▶ [DIRECTIONS FOR THIS TASK]: Lines outside the range are not wanted. Give again exactly the lines between the line holding "Mukono Motorgarage, Uganda" and the line holding "Investorer etterspør garantiordninger", inclusive, from the listing below.

▶ [AVAILABLE RECORDS]:
□ □ □
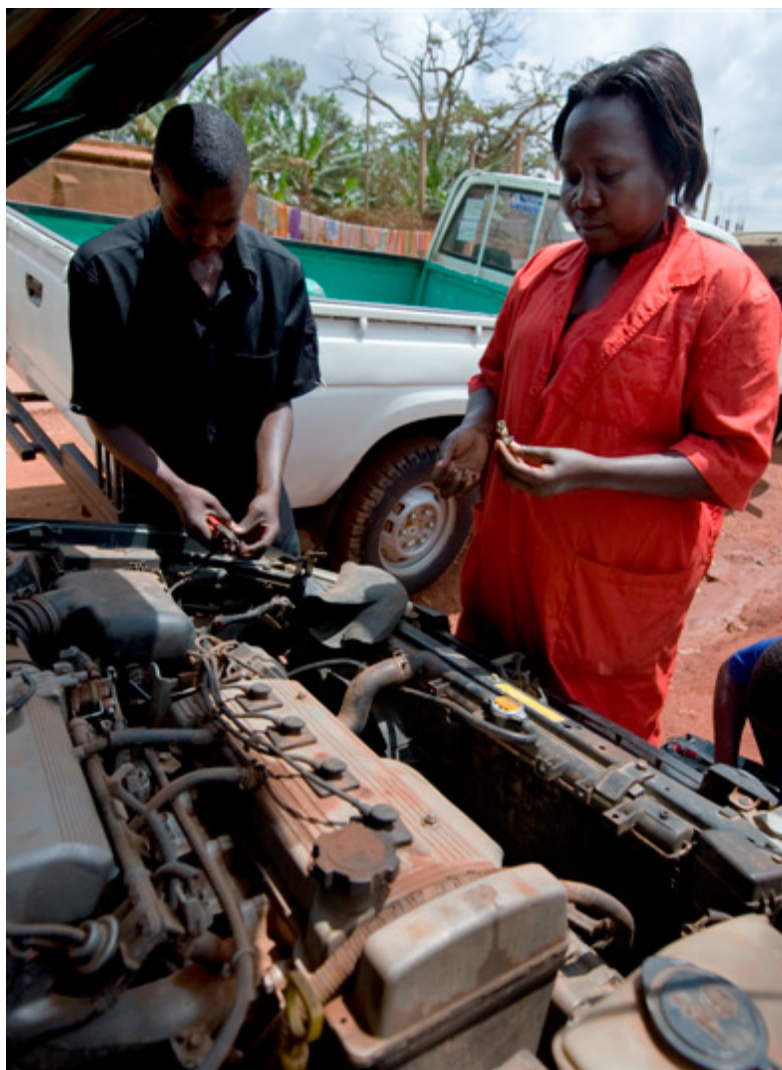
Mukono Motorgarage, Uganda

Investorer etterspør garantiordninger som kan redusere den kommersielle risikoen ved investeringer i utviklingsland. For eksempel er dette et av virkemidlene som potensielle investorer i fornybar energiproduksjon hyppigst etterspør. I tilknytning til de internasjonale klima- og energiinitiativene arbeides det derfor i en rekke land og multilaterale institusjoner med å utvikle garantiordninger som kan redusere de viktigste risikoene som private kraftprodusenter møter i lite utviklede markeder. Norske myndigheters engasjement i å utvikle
□ □ □
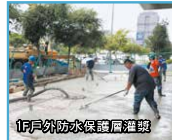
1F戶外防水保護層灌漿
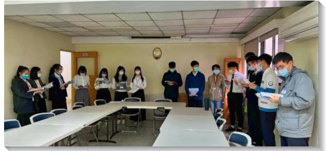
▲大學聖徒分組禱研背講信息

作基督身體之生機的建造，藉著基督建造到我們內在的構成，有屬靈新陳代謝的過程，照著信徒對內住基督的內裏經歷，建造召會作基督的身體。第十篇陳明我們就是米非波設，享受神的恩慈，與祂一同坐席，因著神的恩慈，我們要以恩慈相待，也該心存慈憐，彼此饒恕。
□ □ □
▶ [ANSWER FOR THIS EXERCISE]:
Mukono Motorgarage, Uganda

Investorer etterspør garantiordninger som kan redusere den kommersielle risikoen ved investeringer i utviklingsland. For eksempel er dette et av virkemidlene som potensielle investorer i fornybar energiproduksjon hyppigst etterspør. I tilknytning til de internasjonale klima- og energiinitiativene arbeides det derfor i en rekke land og multilaterale institusjoner med å utvikle garantiordninger som kan redusere de viktigste risikoene som private kraftprodusenter møter i lite utviklede markeder. Norske myndigheters engasjement i å utvikle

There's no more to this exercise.